▸ **MATERIAL TO PROCESS**
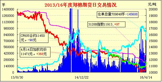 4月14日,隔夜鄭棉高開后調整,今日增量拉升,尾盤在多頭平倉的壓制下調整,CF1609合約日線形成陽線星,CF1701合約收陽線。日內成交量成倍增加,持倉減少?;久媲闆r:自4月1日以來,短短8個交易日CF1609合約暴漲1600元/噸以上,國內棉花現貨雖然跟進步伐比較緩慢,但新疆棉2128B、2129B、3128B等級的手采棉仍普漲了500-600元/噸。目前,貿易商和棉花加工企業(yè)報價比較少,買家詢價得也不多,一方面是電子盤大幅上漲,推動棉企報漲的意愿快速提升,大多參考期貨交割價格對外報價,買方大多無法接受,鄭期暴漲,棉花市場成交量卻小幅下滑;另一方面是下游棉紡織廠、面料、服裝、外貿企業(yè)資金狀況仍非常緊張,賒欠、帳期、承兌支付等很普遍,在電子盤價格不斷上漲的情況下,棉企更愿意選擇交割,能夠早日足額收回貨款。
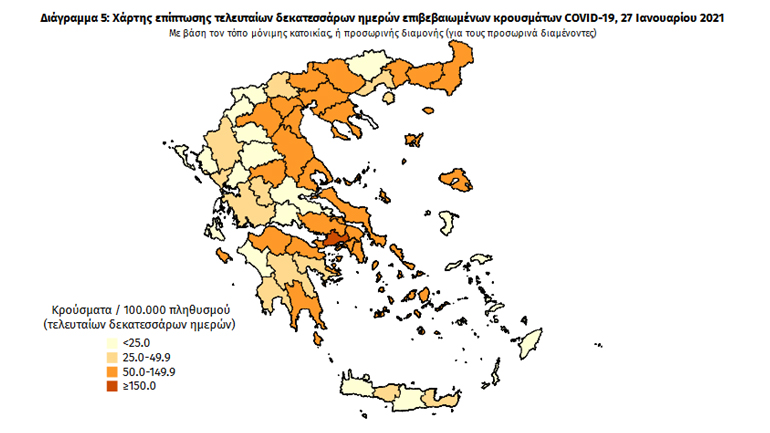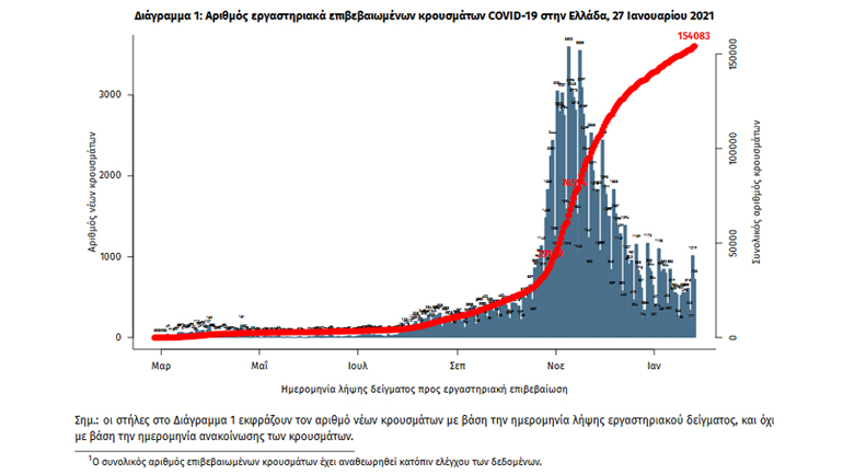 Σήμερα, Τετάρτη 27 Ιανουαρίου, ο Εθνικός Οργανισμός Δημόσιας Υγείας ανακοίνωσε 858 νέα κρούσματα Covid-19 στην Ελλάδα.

* * *

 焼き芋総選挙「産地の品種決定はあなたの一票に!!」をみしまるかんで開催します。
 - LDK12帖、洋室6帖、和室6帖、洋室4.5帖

▸ **TASK REQUIREMENTS**
After locating the line containing "4月14日,隔夜鄭棉高開后調" in the entries above, return it and every line after it exactly, ending at the line containing "Σήμερα, Τετάρτη 27", without pictures.

▸ **FINISHED EXERCISE**
 4月14日,隔夜鄭棉高開后調整,今日增量拉升,尾盤在多頭平倉的壓制下調整,CF1609合約日線形成陽線星,CF1701合約收陽線。日內成交量成倍增加,持倉減少?;久媲闆r:自4月1日以來,短短8個交易日CF1609合約暴漲1600元/噸以上,國內棉花現貨雖然跟進步伐比較緩慢,但新疆棉2128B、2129B、3128B等級的手采棉仍普漲了500-600元/噸。目前,貿易商和棉花加工企業(yè)報價比較少,買家詢價得也不多,一方面是電子盤大幅上漲,推動棉企報漲的意愿快速提升,大多參考期貨交割價格對外報價,買方大多無法接受,鄭期暴漲,棉花市場成交量卻小幅下滑;另一方面是下游棉紡織廠、面料、服裝、外貿企業(yè)資金狀況仍非常緊張,賒欠、帳期、承兌支付等很普遍,在電子盤價格不斷上漲的情況下,棉企更愿意選擇交割,能夠早日足額收回貨款。
 Σήμερα, Τετάρτη 27 Ιανουαρίου, ο Εθνικός Οργανισμός Δημόσιας Υγείας ανακοίνωσε 858 νέα κρούσματα Covid-19 στην Ελλάδα.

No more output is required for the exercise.